Chandler, Mary (DNB00)
|←Chandler, J. W.||Dictionary of National Biography, 1885-1900, Volume 10
|Chandler, Richard (d.1744)→|
CHANDLER, MARY (1687–1745), poetess, born at Malmesbury, Wiltshire, in 1687, was the eldest daughter of Henry Chandler, a dissenting minister, afterwards settled at Bath, her mother having been a Miss Bridgman of Marlborough, and one of her brothers being Dr. Samuel Chandler [q. v.] In her youth her spine became crooked, and her health suffered, yet she set up a shop in Bath about 1705, when not yet out of her teens, and enlivened her hours by writing rhyming riddles and poems to friends (ib. p. 353), and by reading poetry. The neighoouring gentry had her to visit them, among them being Mrs. Boteler, Mrs. Moor, Lady Russell, and the Duchess of Somerset. She was asked so frequently for copies of her verses that she at last resolved to print them. She was permitted to inscribe her book to the Princess Amelia. Swift's Mrs. Barber was her literary friend and neighbour, and she was also a friend of Elizabeth Rowe. Her volume is called 'A Description of Bath,' and going speedily through two editions, a third was issued m 1736, a fourth in 1738, and a fifth in 1741. A wealthy gentleman of sixty, struck with one of her poems, travelled eighty miles to see her, and, after buying a pair of gloves of her, offered to make her his wife, Miss Chandler turned the incident into verse, and a sixth edition of her book being called for in 1744, it appeared with a sub-title, 'To which is added a True Tale, by the same Author.' Soon afterwards Miss Chandler was able to retire from business; and she commenced a poem 'On the Attributes of God,' but this was never finished, for she died on 11 Sept. 1745.
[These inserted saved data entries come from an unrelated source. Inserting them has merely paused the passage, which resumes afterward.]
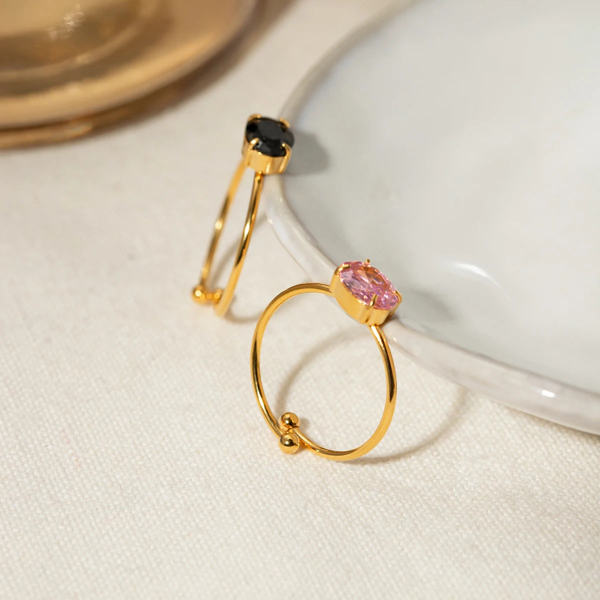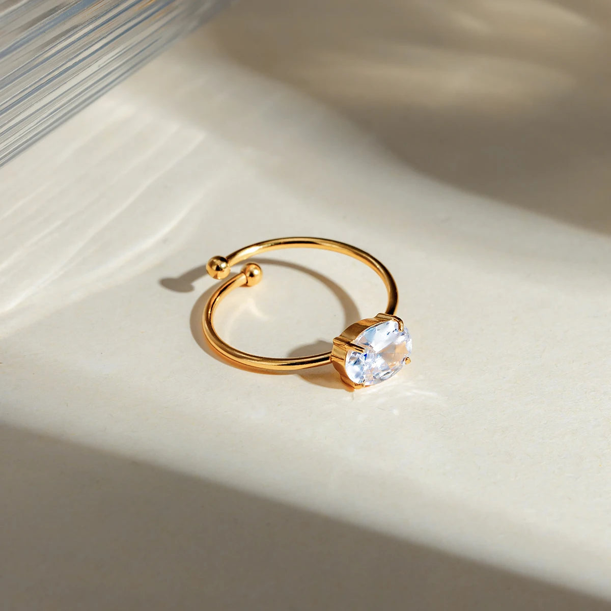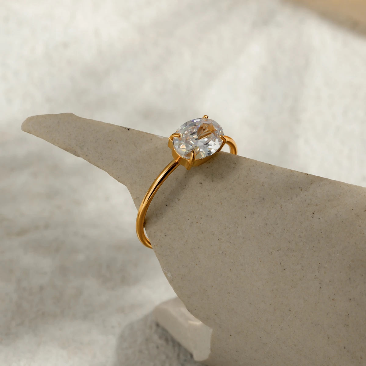 ステンレス304 低ニッケル 水に濡れても錆びにくい 18Kゴールドメッキ リング ジルコニア 【YJ03960】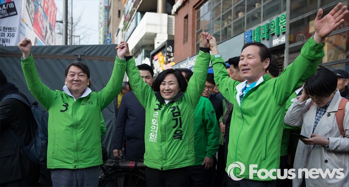 (서울=포커스뉴스) 총선 선거운동이 공식적으로 시작된 31일 오전 안철수 국민의당 상임공동대표(왼쪽)가 서울 강북구 수유동에서 김기옥 강북갑 후보(가운데) 지원 유세를 하고 있다.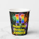 Dieses farbenfrohe und aufregende Geburtstagspapier-Cup-Design zeichnet sich durch eine große Zahl "11" mit einem inspirierten Regenbogenspektrum aus. Es enthält auch die Meldung "Happy 11 th Birthday", und einen personalisierten Namen. Der Hintergrund zeichnet sich durch ein lebendiges und farbenfroh inspiriert Muster aus, das durch das Bersten von feierlichen Feuerwerken wird. Farbenfrohe, lebendige Papiertassen wie diese könnten Spaß machen, an einem Geburtstagsfest zu feiern, das zur Feier des elften Geburtstages von jemandem gefeiert wird. [~Z0000539]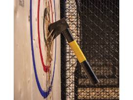 You and your mates will spend 1 to 1.5 hours becoming intimate with a 1.5lb piece of whirling wood and metal as you learn, practice, and then finally square off toe to toe in a group tournament that will result in the crowning of an Axe Throwing Champion.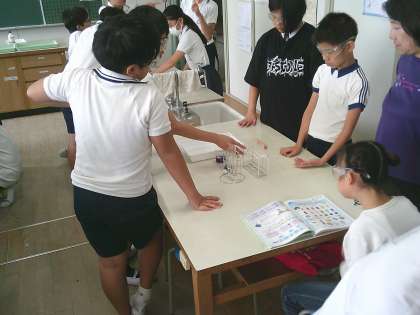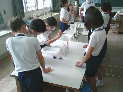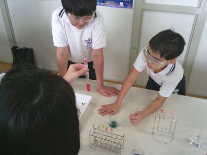 ゴーグルをして安全に行います。BTB溶液を入れると色が変わることに驚きつつも、「この色は何色かな」「だったらこれは〇性や!」と判断していました。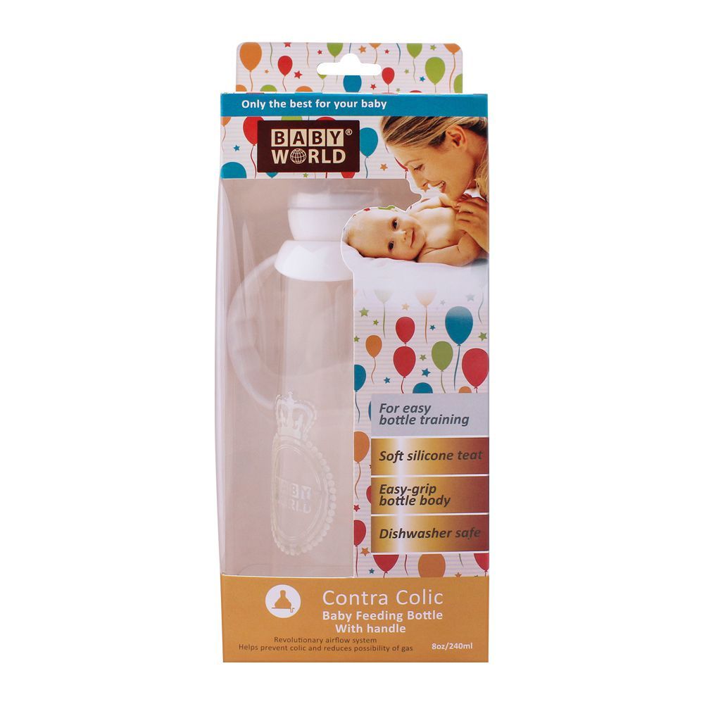 Baby World Contra Colic Baby Feeding Bottle With Handle, BW130550, 240ml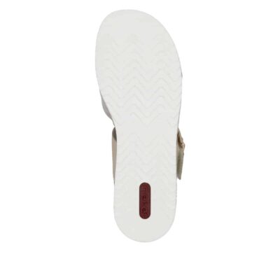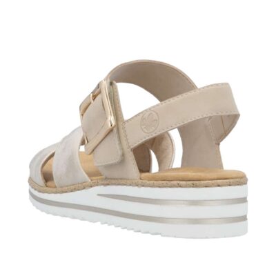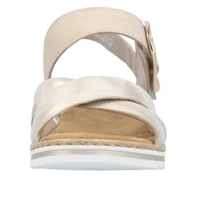 Rieker sandal til dame i beige. Moderne og feminin sandal i beige med smukke gulddetaljer, der skaber et stilfuldt udtryk. Sandalen har en krydsrem på forfoden samt en justerbar velcrorem, der gør den let at tage af og på. En hælrem og en blød indersål sikrer en god pasform og komfort. Den lette og fleksible konstruktion kombineret med en kilehæl på cirka 4 cm giver et elegant løft, mens den skridsikre ydersål med stødabsorbering sørger for ekstra stabilitet.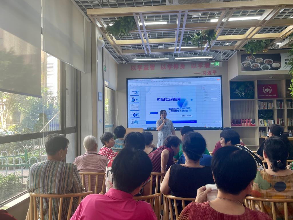 活動(dòng)伊始,藥學(xué)院第二黨支部書記劉丹丹帶來(lái)的科普小講座《藥品的使用與管理常識(shí)》,為社區(qū)聽眾科普了如何區(qū)分藥品與非藥品以及如何判別合格藥品與假劣藥品。接著,潘雪豐老師詳細(xì)地為社區(qū)居民講解了《藥品的正確使用》,如藥品的服用時(shí)間、食物對(duì)藥物的影響、常用制劑的用法與注意事項(xiàng)等,從日常用藥小知識(shí)出發(fā),引導(dǎo)社區(qū)居民安全合理用藥。
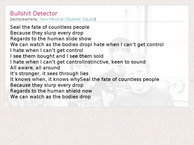 А как ты думаешь, о чем песня "Bullshit Detector" ?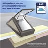 The Columbia Skylights roof access hatch is made from high-quality materials that are designed to meet the harsh demands of the Canadian climate. This roof access hatch is the ideal solution for providing exterior access to the roof, creating an outdoor living space or simply creating a safety exit. This model includes a pull bar, locking latch and hydraulic gas cylinders that support the hatch when in the open position. Can be installed on a flat or pitched roof.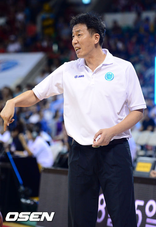 22일 오후 서울 잠실학생체육관에서 열린 2013 KB국민카드 프로-아마 최강전 결승전 상무와 고려대의 경기, 2쿼터 역전을 허용한 상무 이훈재 감독이 선수들에 작전 지시를 하고 있다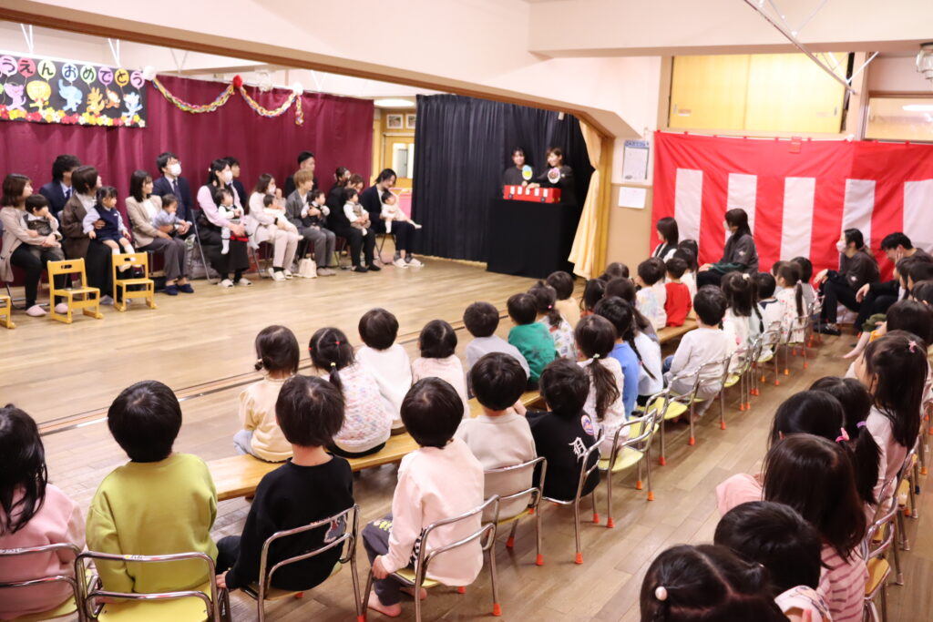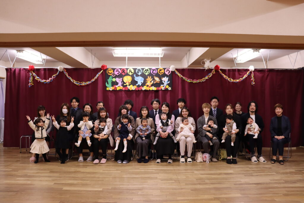 少し緊張した様子の新入園児のお友達を見て、在園児の子ども達からは、思わず『かわいい~』とつぶやく声が聞かれ、温かい雰囲気に包まれました。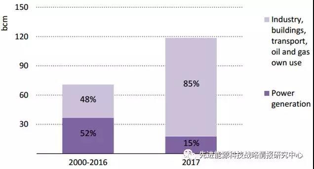 歐盟的天然氣需求也顯著增長了約160億立方米,主要原因是經濟強勁增長驅使行業(yè)需求回升。但歐盟的天然氣消費量仍比2010年的歷史峰值低了10%以上。在美國,2017年燃氣發(fā)電天然氣需求量下降8%,抵消了一大部分世界其他地區(qū)增長需求。美國去年的情況凸顯了發(fā)電燃料相對價格對電力行業(yè)排放強度發(fā)展趨勢的影響:2017年天然氣價格略有上漲,使得燃氣發(fā)電受到可再生能源和煤炭的擠壓。天然氣需求增長的構成正在發(fā)生變化:在過去的十年中,全球一半的天然氣需求增長來自電力部門。而在2017年,超過80%的增長來自工業(yè)和建筑行業(yè),電力部門天然氣需求份額可能逐步下降。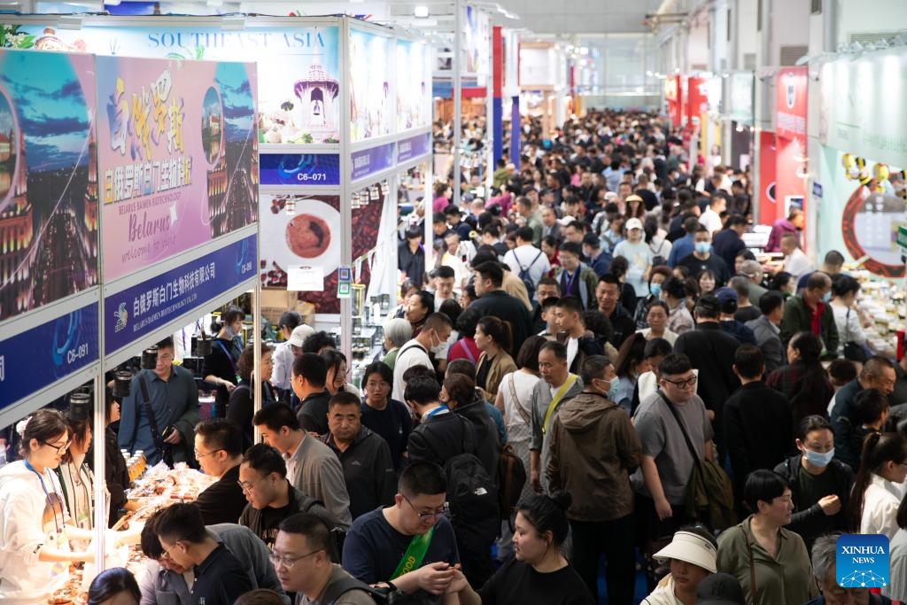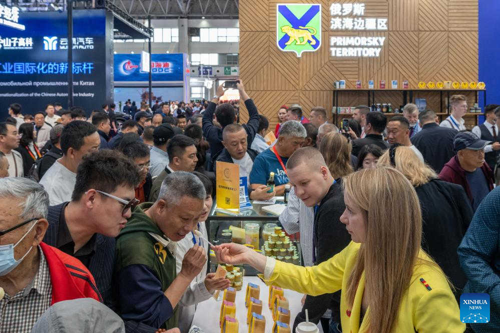 HARBIN, 18 mayo, 2024 (Xinhua) -- Personas visitan la VIII Exposición China-Rusia, en Harbin, en la provincia de Heilongjiang, en el noreste de China, el 18 de mayo de 2024. La exposición abrió sus puertas al público el sábado. Las actividades de la exposición se celebran en Harbin del 16 al 21 de mayo. Más de 5.000 compradores extranjeros se registraron en la exposición y representantes de 44 países y regiones participaron en la misma. (Xinhua/Zhang Tao)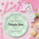 Al igual que la colección de invitaciones al bautismo de mi tienda, este plato de papel es otro toque personal para el día especial de su bebé. El verde puede cambiarse fácilmente a cualquier color que quieras, avísenme si necesitas mi ayuda. ¡Felicitaciones por este día bendito!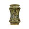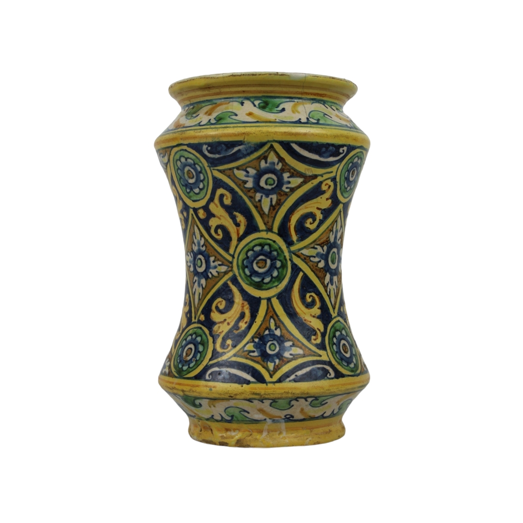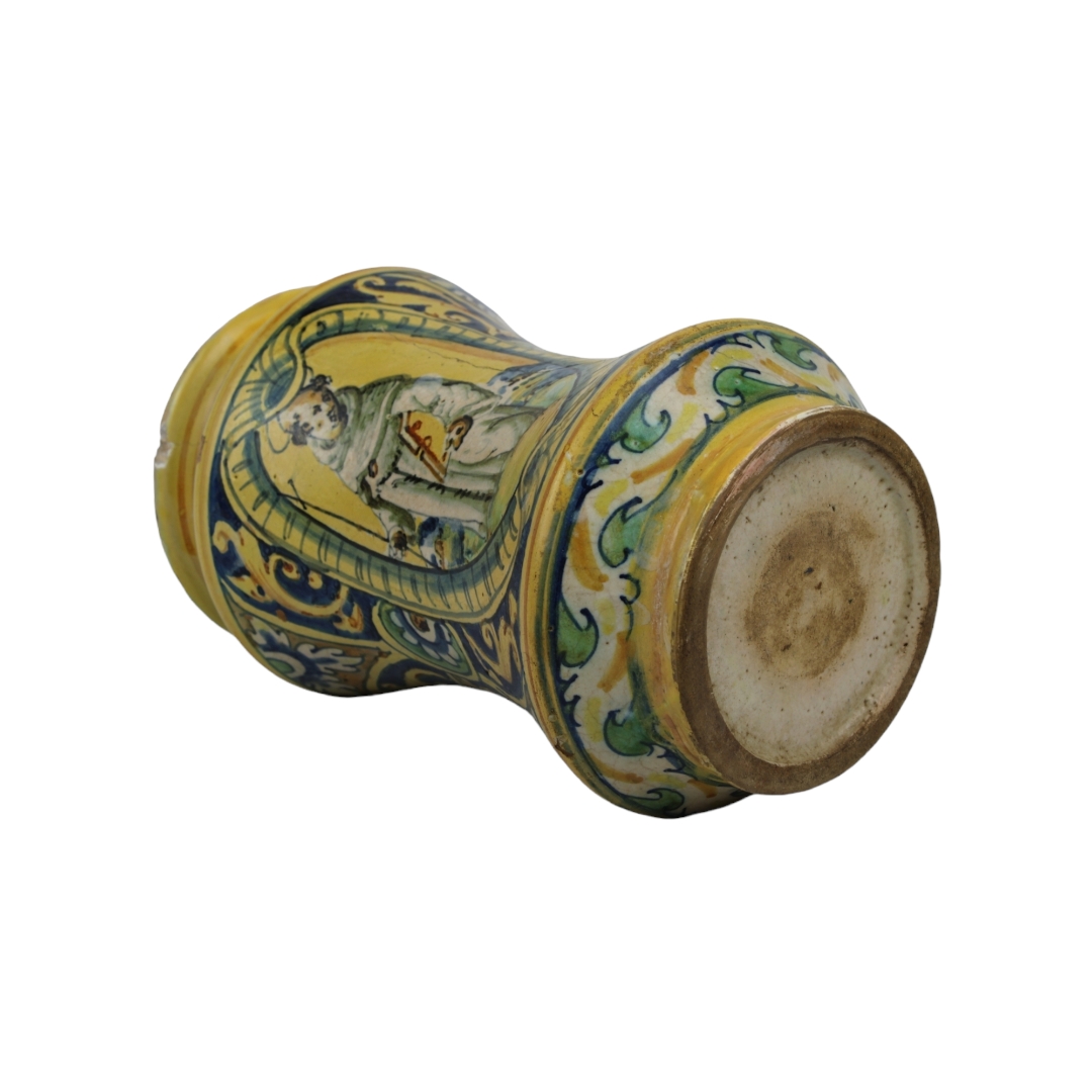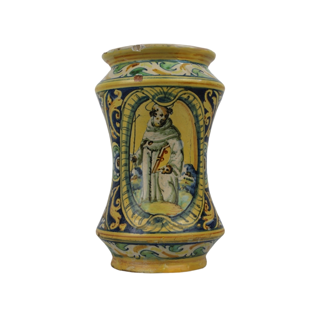 ALBARELLO in maiolica policroma decorato a tutto tondo dentro riserva figura di Santo attribuibile al maestro Andrea Pantaleo Palermo XVII secolo h cm 19,5 x 12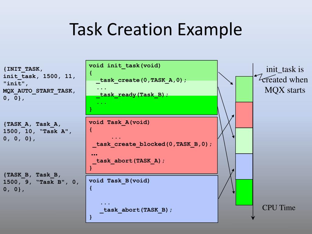 Task Creation Example void init_task(void) { _task_create(0,TASK_A,0); ... _task_ready(Task_B); ... } init_task is created when MQX starts {INIT_TASK, init_task, 1500, 11, "init", MQX_AUTO_START_TASK, 0, 0}, void Task_A(void) { ... _task_create_blocked(0,TASK_B,0); ... _task_abort(TASK_A); } {TASK_A, Task_A, 1500, 10, “Task A", 0, 0, 0}, {TASK_B, Task_B, 1500, 9, “Task B", 0, 0, 0}, void Task_B(void) { ... _task_abort(TASK_B); } CPU Time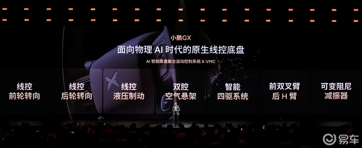 因此小鹏 GX 用了线控底盘、后轮转向、微动泊车、34.4m 制动距离来解决问题。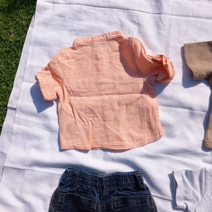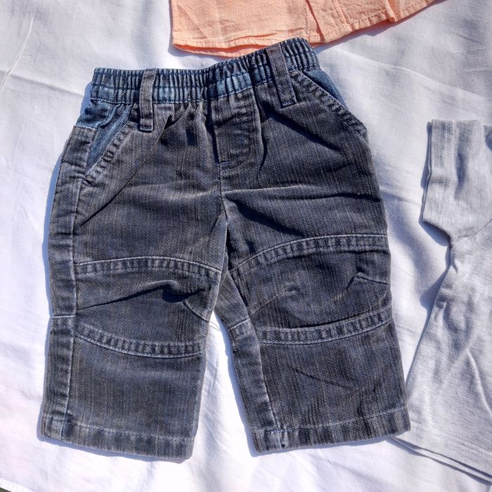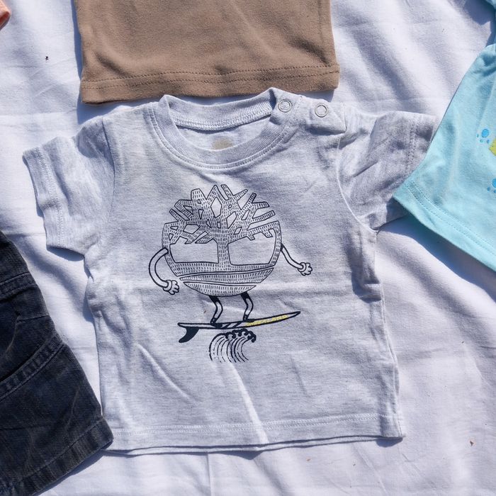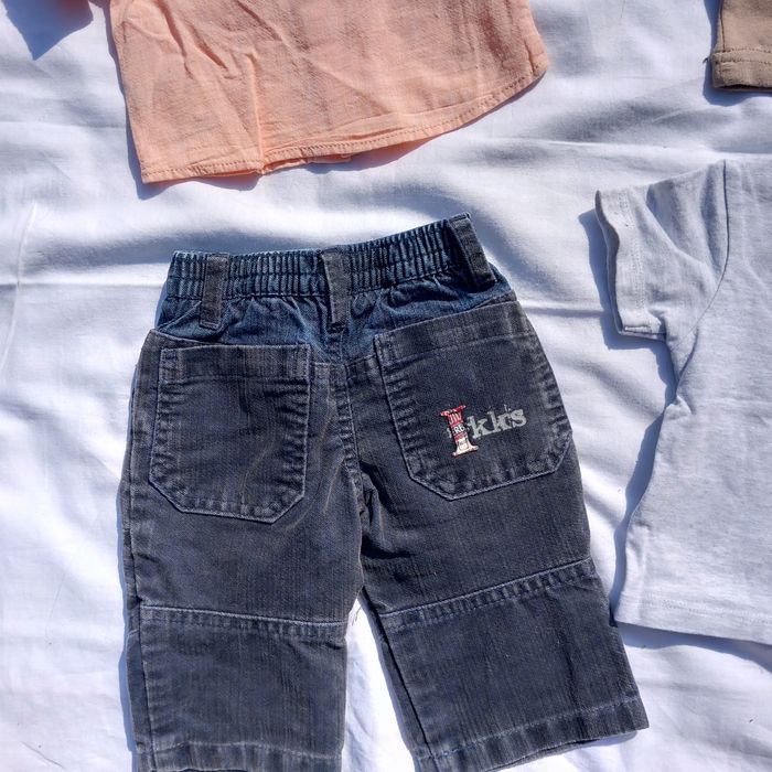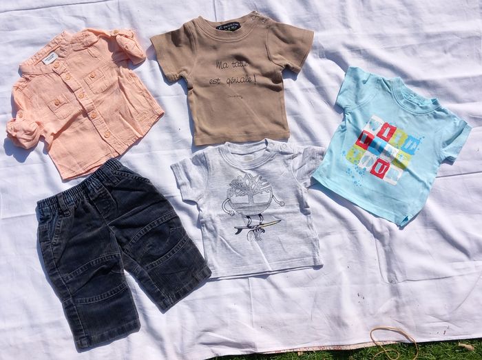 Chemise manches longues qui peuvent se retourner avec patte de fixation, Tape à l'œil, 2 poches boutons, fermeture boutons, col Mao, 2 boutons supplémentaires, 45% coton 55% lin Jeans Ikks, large élastique à la taille, ceinture avec passants, 4 poches, 50% coton 50% polyester Tee-shirt manches courtes Timberland, coloris gris, boutons pression sur l'épaule, dessin imprimé, 100% coton Tee-shirt manches courtes, coloris vert eau,inscription imprimée, boutons au dos Tee-shirt manches courtes Pas ke des Z'anges, taille 0-6 mois, coloris marron, inscription imprimée (ma tatie est géniale), boutons pression sur l'épaule, 100% coton Possibilité d offre en lots. Envoi rapide et soigné

A seventh edition of her poems was issued in 1755, and an eighth in 1767. She dedicated her book to her brother John, and her 'Life,' in Theophilus Cibber's 'Lives of the Poets,' was written by her brother Samuel.
[Th. Cibber's Poets, v. 345-63; Nichols's Lit. Anecd. v. 304, 308; Mary Chandler's Description of Bath, 3rd ed. 1736, p. 21 et seq., and 6th ed. 1744, pp. 79-84.]